• HSBC

Why oil prices will stay high for five years

  • Saturday, July 26 - 2003 at 09:15

Oil prices were not supposed to be this high by the third quarter of 2003. Is the problem really just supplies from Iraq, or have we seen a more fundamental shift to a bull market for commodities that will last for years?

At the start of 2003 one of the most widespread predictions from economists was that the oil price would fall as the year went on.

True, after reaching war-time peaks of around $40 per barrel, prices have eased back under $30 per barrel. But we are now in Q3 of 2003, and this oil price is way above expectations.

The short-term reason is clear. The rehabilitation of Iraqi production is taking longer than predicted post-war due to looting, sabotage and general anarchy.

We are now told that a return to full pre-war production levels is likely by the end of the year, presumably by the same people who thought we would be back to full production by now just a few months ago.

Oil is a matter of supply and demand, and when supply increases the price will fall, say the experts. Yes, but what if demand is much higher than expected and the supply side continues to disappoint?

Step forward the world's fastest growing economy. China is growing faster than anyone forecast this year, and has to import oil to sustain this growth.

In the past decade Chinese oil consumption has doubled to around 4.5 million barrels a day, and has to import most of its oil from the Middle East because its own resources are small. Now if China sustains its 10% plus rate of economic growth, it is not hard to see that China represents a major new source of oil demand.

But let's not forget the Western economies. Surely the sort of fiscal and monetary stimulus applied by the US over the past year will soon produce a resumption of strong economic growth. Maybe it will be next year, rather than this year, but it certainly will happen.

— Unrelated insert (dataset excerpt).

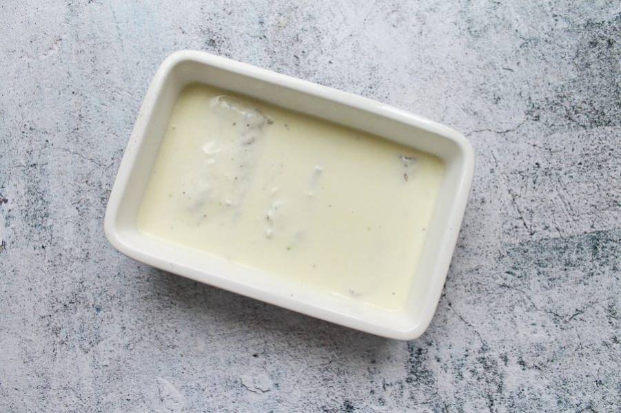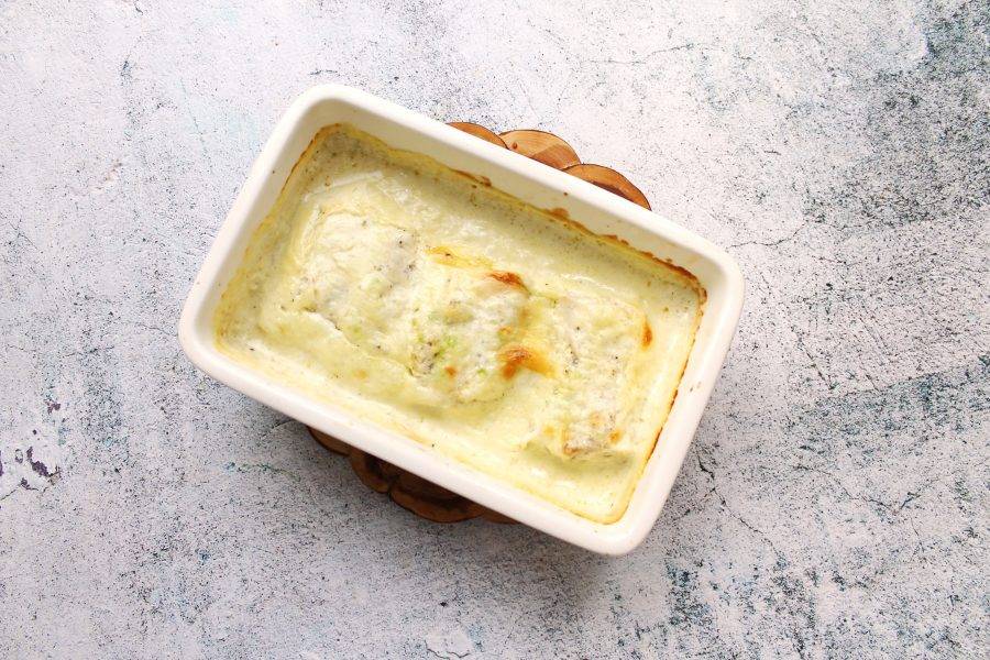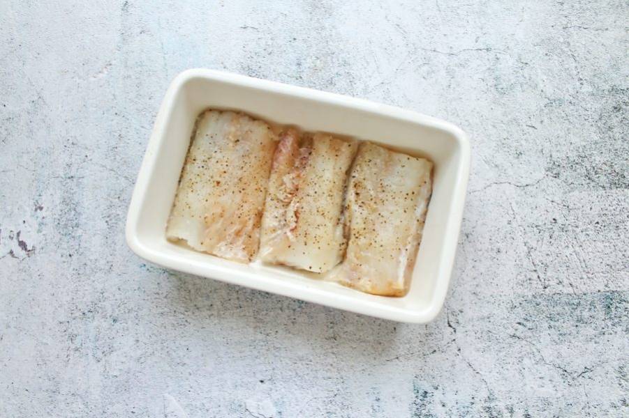 Филе сполосните, обсушите бумажным полотенцем и разрежьте на порционные куски. Рыбу посолите, поперчите и выложите в форму, смазанную растительным маслом.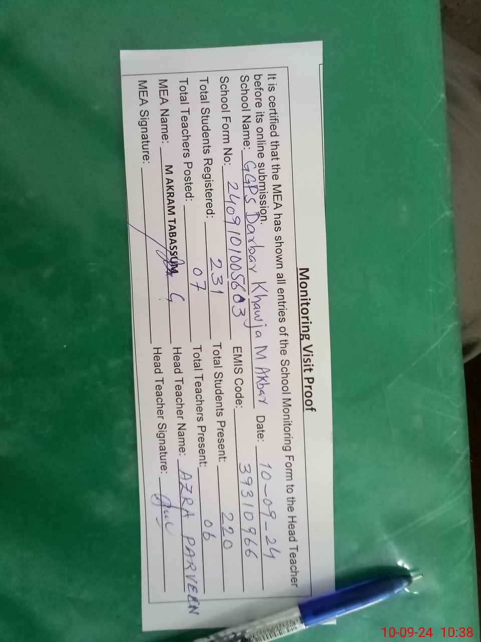 | Attendance Register | Head Teacher | MEA with School | Visit Proof |

Then we will see oil consumption rising again. However, as we saw in the mid to late 1970s there is no reason why a bull market in commodities can not be sustained during a period of lacklustre economic growth.

Indeed, the parallels between what happened in the mid-1970s to the global economy and the situation today are very strong. A war in the Middle East followed by an oil price surge, stock market crash and sub-par economic growth.

There is also the theory that under such conditions excess liquidity will find its way into commodity prices as it has nowhere else to go. Again high oil prices are sustained long into the future and for much longer than most economists currently believe is possible.

For the Middle East this is clearly extremely good news. A third great oil boom is happening right now and will last long enough to make many people extremely rich.

I would argue that this position will only be reversed when there is an overinvestment in new production capacity. And after a 20-year bear market in commodities, it will be some time before investment in new capacity really gets into top gear. Hence, high oil prices will last for five years.